Each folder in this project includes:

  • param.cfg: Contains the configurable parameters for the microarchitectures.
  • configure.sh: A script to generate source files based on parameters.
  • Core Sources: Template files for modules and configuration generation.

Detailed Design

CAM unit architecture design

Implementation layout on FPGA board

How to Use The CAM

Step 1: Customizing Parameters

Update the param.cfg file to set the desired values for the CAM architecture. This file allows you to define key parameters such as the block size, the numbe of blocks, and other configuration options.

Example param.cfg:

CUSTOMIZED_BLOCK_NUM=16      # Number of CAM blocks
CUSTOMIZED_BLOCK_SIZE=128    # Size of each CAM block
CAM_CELL_TYPE="Binary"       # Type of CAM cell (e.g., Binary, Ternary)
ROUTING_BITS=512             # Number of routing bits

After updating the parameters, run the configuration script:

./configure.sh

Step 2: Compilation

Compile the project for the target platform (e.g., software emulation, hardware emulation, or hardware). Replace TARGET with the desired target and specify your platform. We strongly recommend using the Vitis tool (2021.2 or later) to run the application on AMD U280 platform.

make TARGET=<sw_emu/hw_emu/hw> PLATFORM=<FPGA platform>

Step 3: Running the Application

Run the application on the specified target to simulate or test the functionality. We strongly recommend using the HACC cluster to run the application.
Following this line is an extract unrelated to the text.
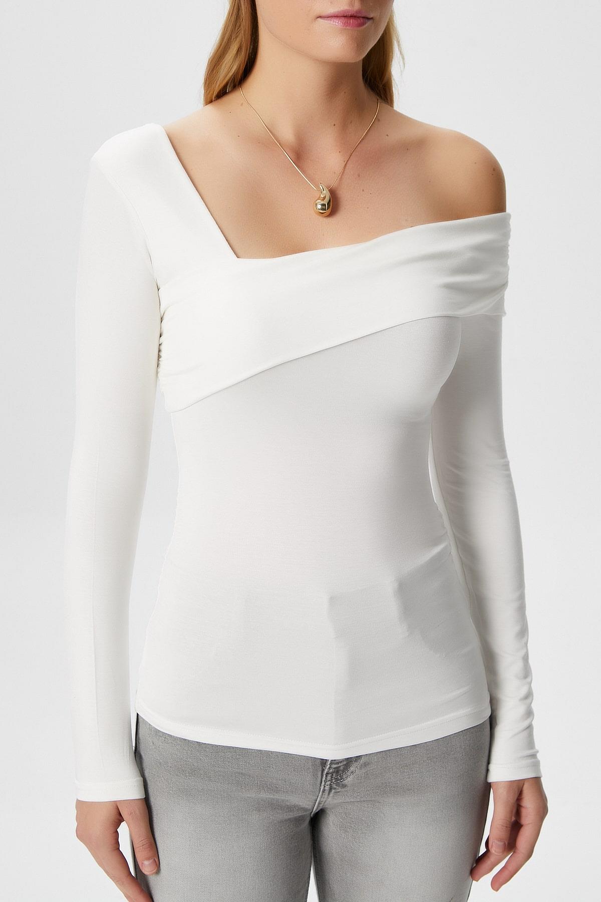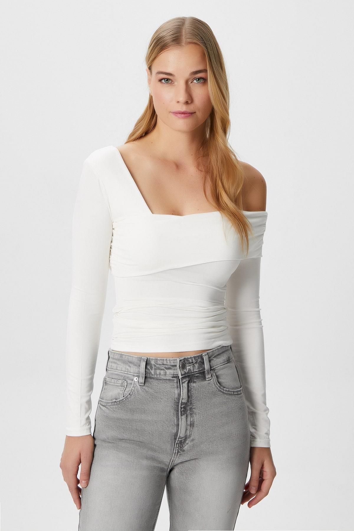 Kadın Fuse Omuz Katlamalı Ekru Bluz
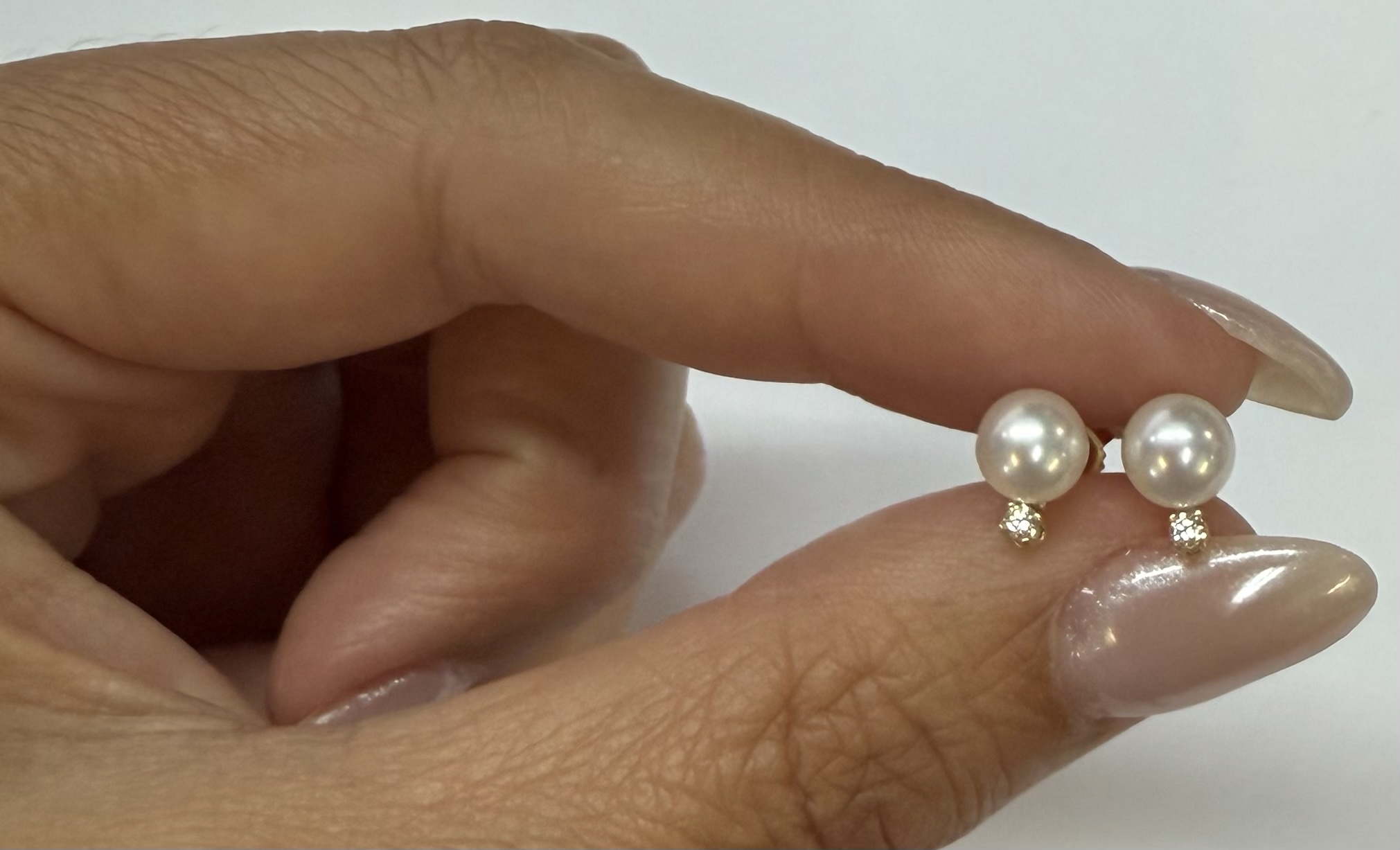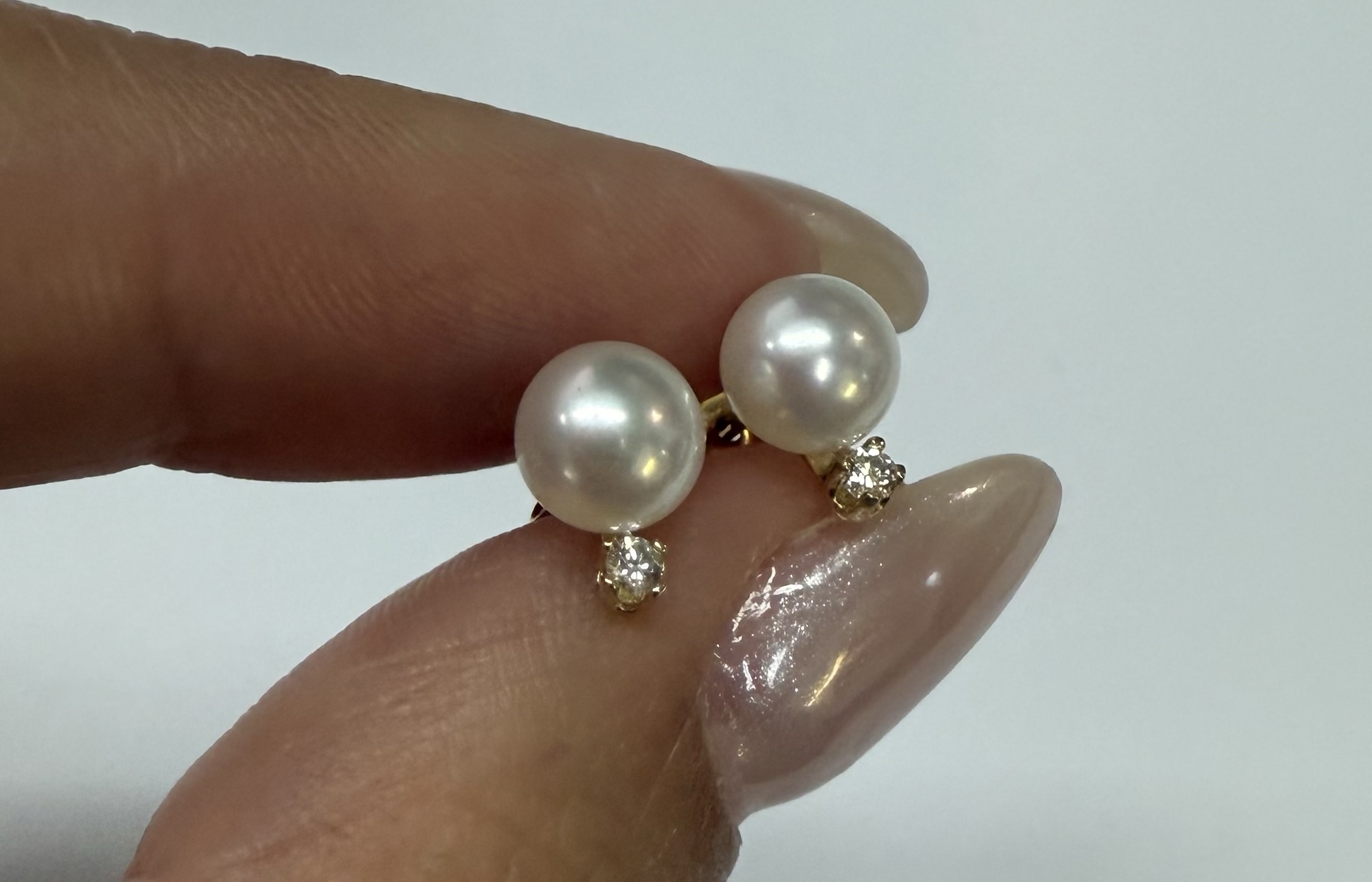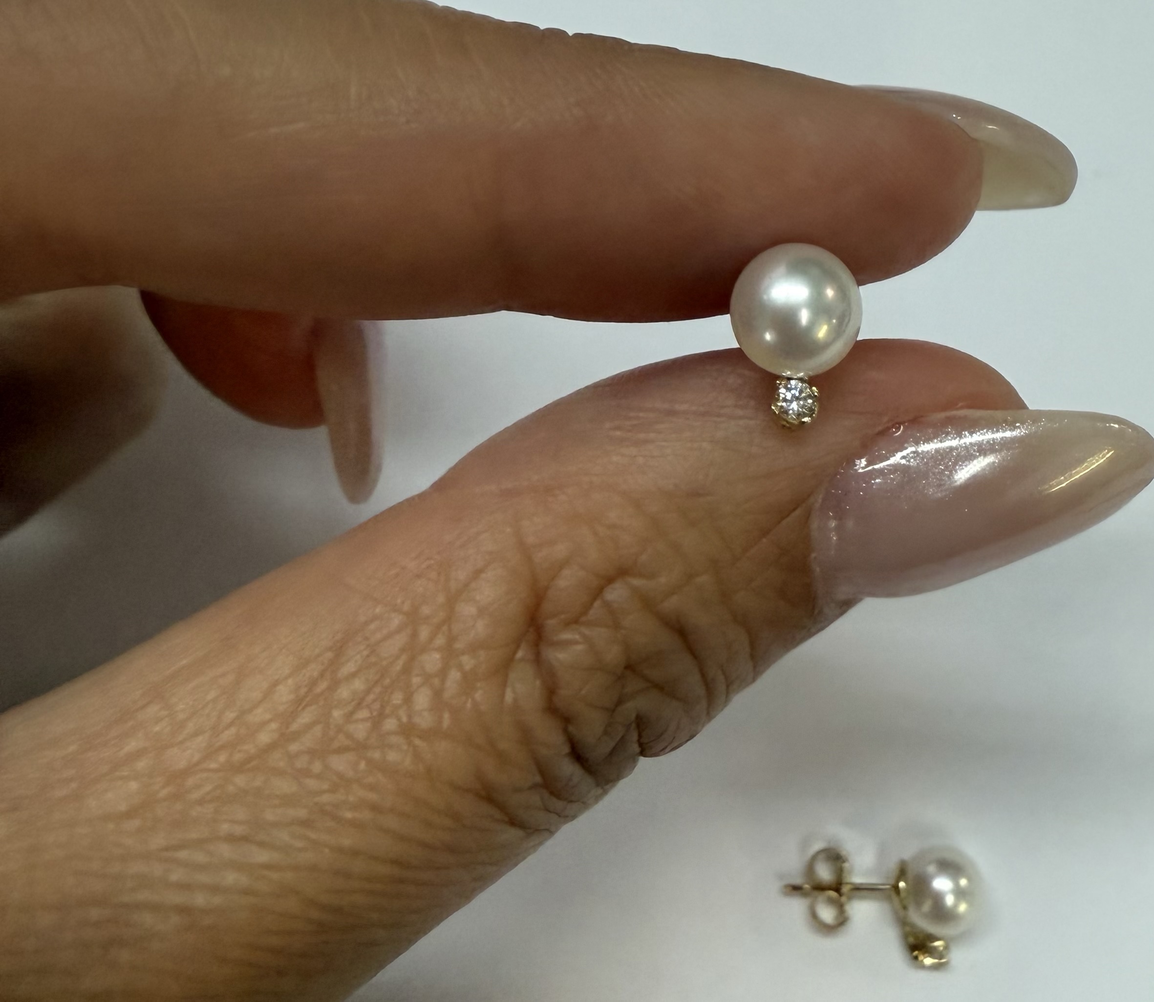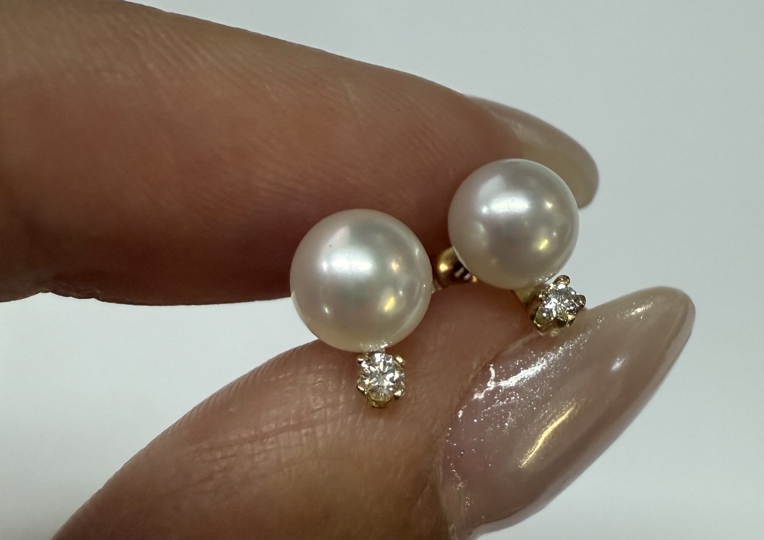 14k yellow gold 6 mm cultured saltwater pearl and genuine .06 cttw Round Brilliant Cut diamond stud earrings. These diamonds average G in color and SI1 in clarity. These earrings have an entire weight of 1.1 grams.

./executable -x xclbin_file

An Module Test Example for Multi-Query Functionality of CAM Design

This module test demonstrates the multi-query feature of a CAM (Content Addressable Memory) design on an FPGA. The test evaluates the ability of the CAM to process multiple search keys in parallel across a configurable number of groups and CAM blocks, showcasing its flexibility and high throughput.

Multi-Query Example

The example demonstrates the multi-query feature, located in the ./Example_Search_MQ folder, where:

  1. A routing table maps 16 CAM blocks (Block IDs) to 8 groups (Group IDs).
  2. A single query (SEARCH_MQ) contains 8 search keys, one for each group.
  3. The system performs 8 queries simultaneously across the 16 CAM blocks to demonstrate high parallelism.

Details

  1. The search key is generated using random numbers for each query.
  2. The other states in the state machine are reduced for simplicity to focus solely on the multi-query functionality.
  3. Although the bus can transmit 16 search keys in a single cycle, only the first 8 search keys are processed since the number of groups is set to 8. The multi-query number = group_num ensures the masked keys are ignored.

How to Run the Example

  1. Set up the environment:
      source /opt/xilinx/xrt/setup.sh
      source /YOUR_PATH/Vitis/2022.2/settings64.sh ## please change the path to your Vitis installation path
    
  2. Navigate to the Example Directory:
    cd ./Example_Search_MQ && make all TARGET=sw_emu PLATFORM=/opt/xilinx/platforms/xilinx_u55c_gen3x16_xdma_3_202210_1/xilinx_u55c_gen3x16_xdma_3_202210_1.xpfm 
    
  3. Run the Example in Software Emulation Mode::
      XCL_EMULATION_MODE=sw_emu ./search_mq -x ./search_mq.xclbin
    

Observe the Output:

If the execution is successful, you will see results which demonstarates that the search keys are correctly routed to the corresponding CAM blocks. Like the following:

Execution completed successfully!

Routing Table (Block ID -> Group ID):
Group ID 0 -> Block ID 0
Group ID 0 -> Block ID 1
......
Group ID 7 -> Block ID e
Group ID 7 -> Block ID f

Processing SEARCH_MQ Requests:
Group ID -> Search Key:
  Group 0 -> Search Key: 78
  Group 1 -> Search Key: 3a
  Group 2 -> Search Key: 5a
  Group 3 -> Search Key: 9
  Group 4 -> Search Key: d3
  Group 5 -> Search Key: 5d
  Group 6 -> Search Key: b6
  Group 7 -> Search Key: 61
Search Keys in Each Block:
  Block ID 0 -> accepted key: [Key: 78] 
  Block ID 1 -> accepted key: [Key: 78] 
  Block ID 2 -> accepted key: [Key: 3a] 
  Block ID 3 -> accepted key: [Key: 3a] 
  Block ID 4 -> accepted key: [Key: 5a] 
  Block ID 5 -> accepted key: [Key: 5a] 
  Block ID 6 -> accepted key: [Key: 9] 
  Block ID 7 -> accepted key: [Key: 9] 
  Block ID 8 -> accepted key: [Key: d3] 
  Block ID 9 -> accepted key: [Key: d3] 
  Block ID a -> accepted key: [Key: 5d] 
  Block ID b -> accepted key: [Key: 5d] 
  Block ID c -> accepted key: [Key: b6] 
  Block ID d -> accepted key: [Key: b6] 
  Block ID e -> accepted key: [Key: 61]

Run in Hardware Emulation Mode (Optional):

You can also run the example in hw_emu mode to observe the waveform. Follow the same steps as above but replace sw_emu with hw_emu during the compilation and execution.


Triangle Counting on FPGA

This example demonstrates triangle counting on FPGA using CAM (Content Addressable Memory). The example utilizes an edge-centric triangle counting algorithm, where the adjacency lists of the source and destination vertices are analyzed to compute the number of triangles in the graph.

Functionality

  • Adjacency List Extraction: For each edge in the graph, retrieve the adjacency lists of the source and destination vertices.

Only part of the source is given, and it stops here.